Return the stretch from the line with "А из ответа, присланного" through the line with "Selling two adorable" in the data below, character for character, skipping all pictures.

_The data_
· · · · · · ·
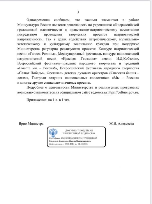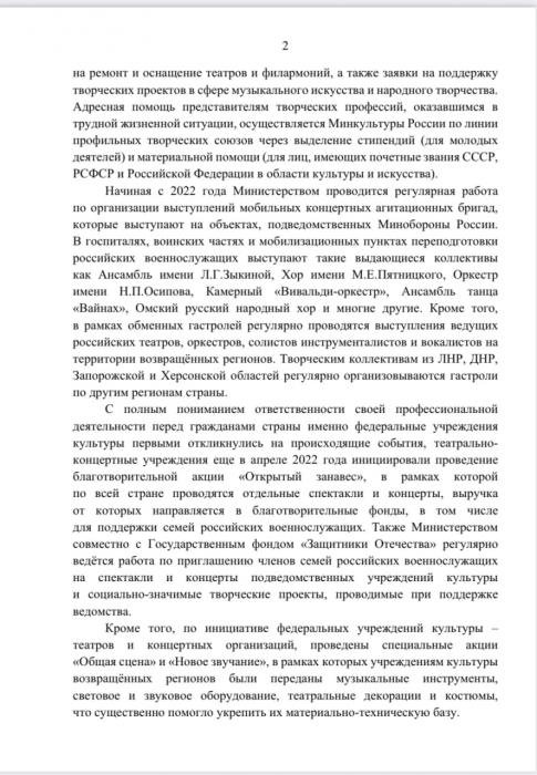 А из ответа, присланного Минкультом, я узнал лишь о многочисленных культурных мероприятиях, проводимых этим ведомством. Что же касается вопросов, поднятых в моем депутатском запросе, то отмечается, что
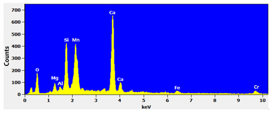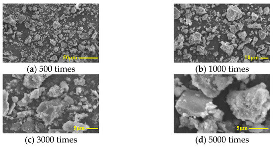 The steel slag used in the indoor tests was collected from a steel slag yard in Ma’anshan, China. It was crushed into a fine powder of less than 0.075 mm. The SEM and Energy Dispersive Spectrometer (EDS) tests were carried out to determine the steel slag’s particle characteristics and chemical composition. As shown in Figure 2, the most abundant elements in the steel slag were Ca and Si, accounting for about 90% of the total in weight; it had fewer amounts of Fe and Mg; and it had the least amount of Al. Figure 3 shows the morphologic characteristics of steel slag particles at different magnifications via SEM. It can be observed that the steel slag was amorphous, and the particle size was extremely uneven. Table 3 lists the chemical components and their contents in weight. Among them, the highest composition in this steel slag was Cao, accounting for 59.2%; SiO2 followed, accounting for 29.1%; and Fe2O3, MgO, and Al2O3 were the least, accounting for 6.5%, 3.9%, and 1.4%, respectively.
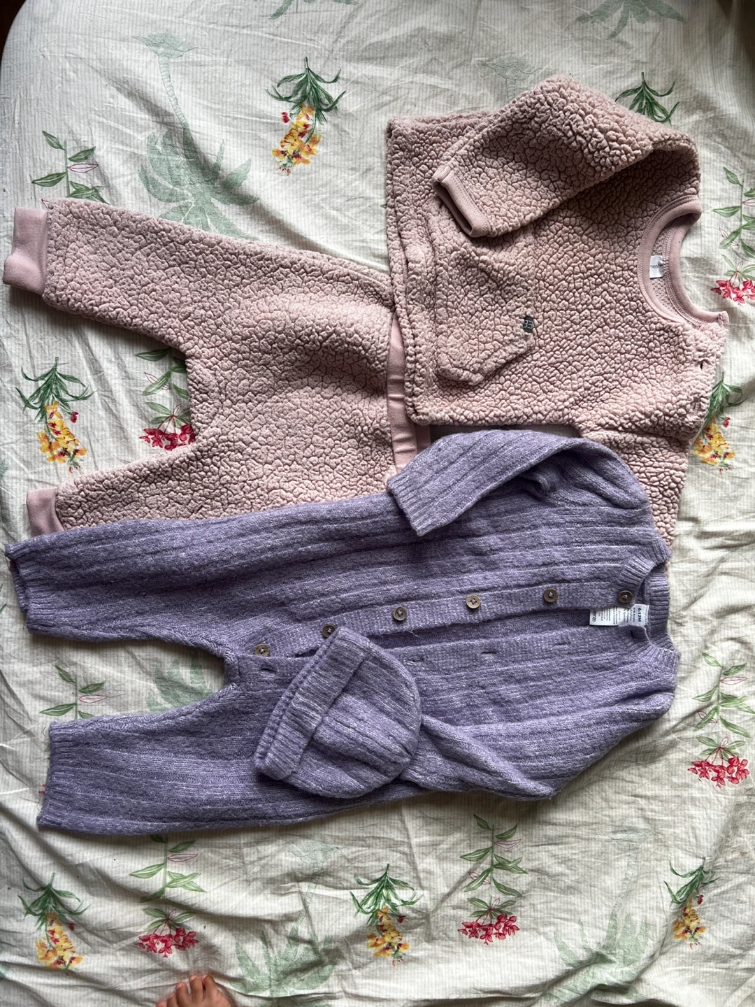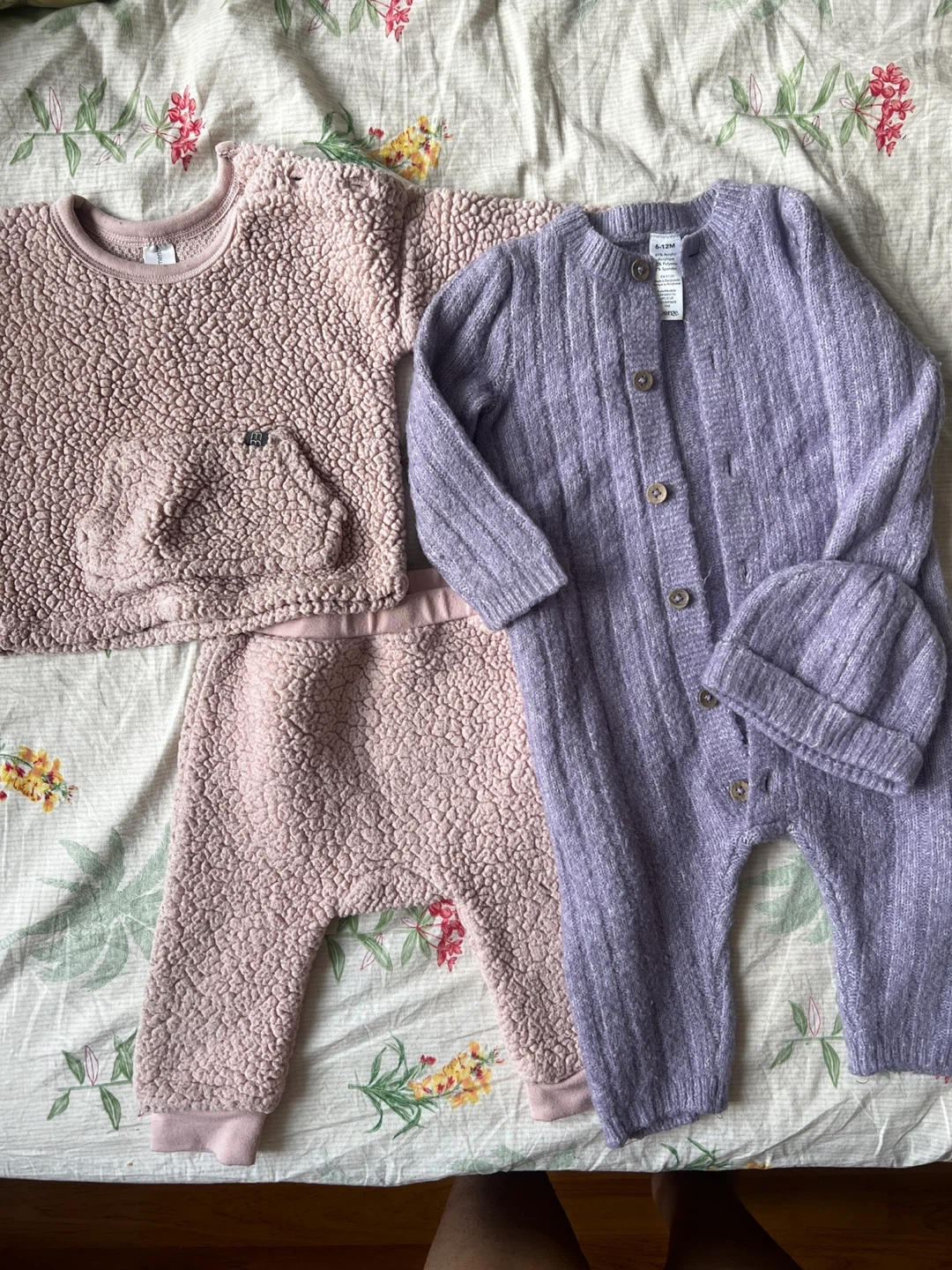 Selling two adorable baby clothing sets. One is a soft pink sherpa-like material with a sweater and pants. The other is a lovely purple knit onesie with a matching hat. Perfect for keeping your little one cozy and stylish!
· · · · · · ·
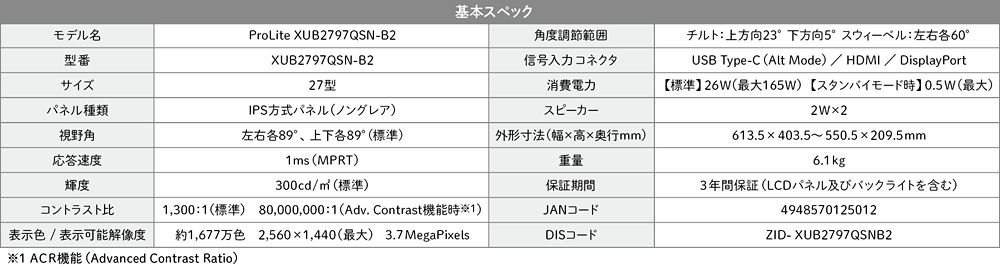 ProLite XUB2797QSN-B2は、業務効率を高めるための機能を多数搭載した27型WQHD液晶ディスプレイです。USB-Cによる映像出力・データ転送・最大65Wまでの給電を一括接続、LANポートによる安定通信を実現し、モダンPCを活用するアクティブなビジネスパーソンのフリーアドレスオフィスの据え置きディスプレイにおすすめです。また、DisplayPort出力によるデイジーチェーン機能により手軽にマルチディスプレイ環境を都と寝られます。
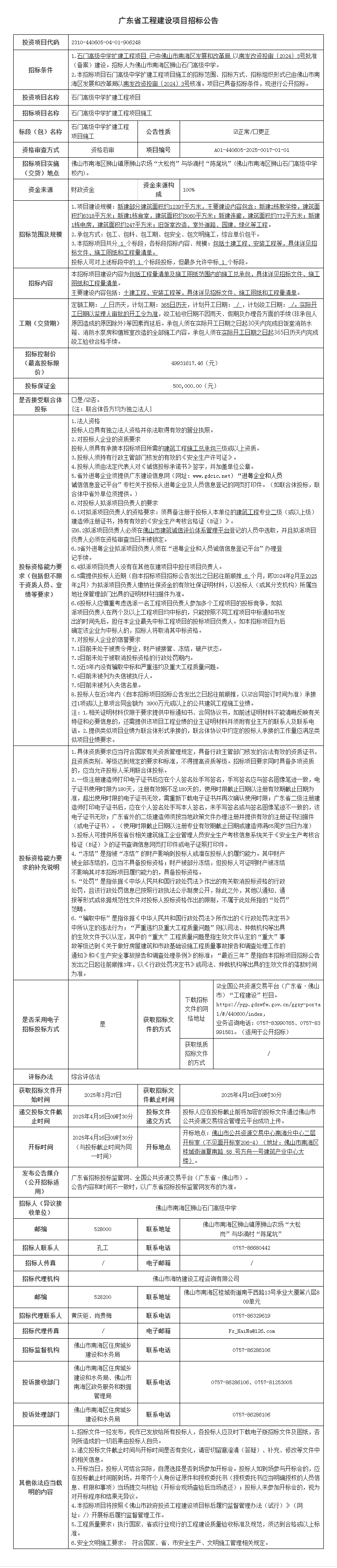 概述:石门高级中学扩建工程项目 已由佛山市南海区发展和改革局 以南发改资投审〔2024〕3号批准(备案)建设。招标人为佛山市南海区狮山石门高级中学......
· · · · · · ·
_Answer space_
 А из ответа, присланного Минкультом, я узнал лишь о многочисленных культурных мероприятиях, проводимых этим ведомством. Что же касается вопросов, поднятых в моем депутатском запросе, то отмечается, что
 The steel slag used in the indoor tests was collected from a steel slag yard in Ma’anshan, China. It was crushed into a fine powder of less than 0.075 mm. The SEM and Energy Dispersive Spectrometer (EDS) tests were carried out to determine the steel slag’s particle characteristics and chemical composition. As shown in Figure 2, the most abundant elements in the steel slag were Ca and Si, accounting for about 90% of the total in weight; it had fewer amounts of Fe and Mg; and it had the least amount of Al. Figure 3 shows the morphologic characteristics of steel slag particles at different magnifications via SEM. It can be observed that the steel slag was amorphous, and the particle size was extremely uneven. Table 3 lists the chemical components and their contents in weight. Among them, the highest composition in this steel slag was Cao, accounting for 59.2%; SiO2 followed, accounting for 29.1%; and Fe2O3, MgO, and Al2O3 were the least, accounting for 6.5%, 3.9%, and 1.4%, respectively.
 Selling two adorable baby clothing sets. One is a soft pink sherpa-like material with a sweater and pants. The other is a lovely purple knit onesie with a matching hat. Perfect for keeping your little one cozy and stylish!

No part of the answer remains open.